One thing I would highly recommend is having a script to create or update the data for your environment(s), whether they be non-production or production. This could be in the form of a Node or .NET script, or a simple Postman collection that you run. Note that entities need to be created in a certain order (eg. catalogs before categories before products) and that when creating a new environment from scratch you may have a couple of manual steps, such as copying the API keys (which have IDs generated on creation) to impersonation configs.
After Launch
Of course, things don't end after launch! It's important to sanity check not only your visitor-facing content (and check for any broken links) but also monitor how things are running behind the scenes.
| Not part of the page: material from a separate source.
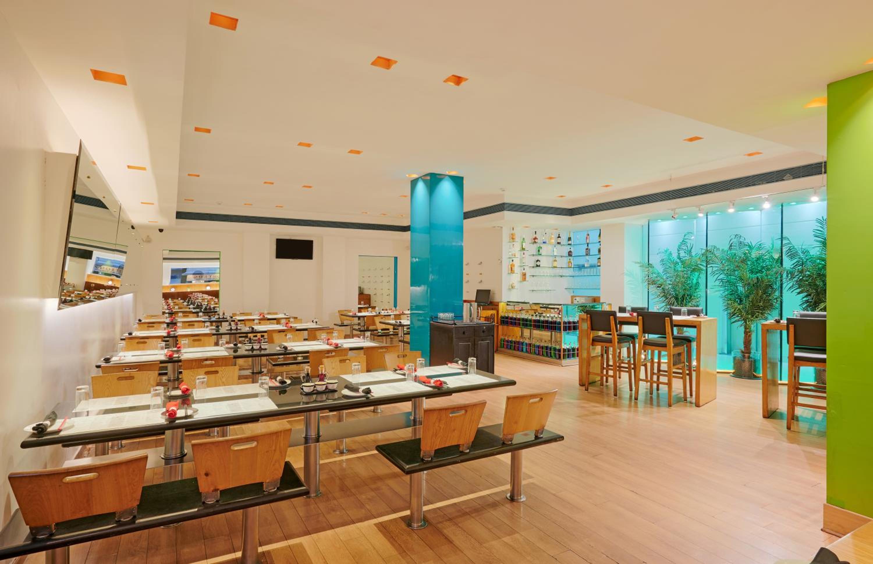 The music from the bar on the first floor is an absolute disgrace. A big noise and bass sounds through the hotel even on the fourth floor. A hotel is a place for sleeping and in weekends this is impossible here. It should be mentioned before booking and paying and the high hotelprice should be lowered by at least 50%. . They Just don t deliver for what you pay. Besides al this the hotelprice is too high for the standard of this hotel compared to other hotels in India

Make sure you keep a close eye on, at least:
- your server metrics,
- your logs,
- analytics - your visitor count, and any purchase data,
- your pagespeed score,
- your SEO ranking
It's not specific to a commerce implementation, but you should always ensure that you have sufficiently detailed logging to allow you to debug issues. Make sure you're not just logging that an error occurred, but who triggered it, what they were trying to do, and any other context which you may need to associate the debug log with an email or support ticket that customers may raise. When you're dealing with a commerce site you have the
Finally, ensure you scale your servers based on your metrics (or better yet, implement auto-scaling) to ensure you're not over-spending!
Conclusion
While undertaking an enterprise commerce site build can be a mammoth and daunting task, having a solid understanding of your requirements and tools, as well as keeping things simple for first launch, can go a long way to keeping things manageable (dare I say enjoyable?). Sitecore has been around forever at this point, its capabilities are well known and documented, and they play very well when cooperating with OrderCloud (a relatively new player by comparison). While OrderCloud has a couple of limitations (which may affect you more than it did us) it is an easy to use, flexible, and performant solution, which should allow you to get up and running quickly and painlessly. If in doubt, reach out to Sitecore and see if you can get access to an OC Solution Engineer to assist with you on your journey.
This ended up being quite the essay, and I considered breaking this into
multiple blog posts, but hopefully it's easy to skim and come back to
later where required to refresh your memory. Hope you enjoyed the read and got something out of it. Good luck on your commerce journey!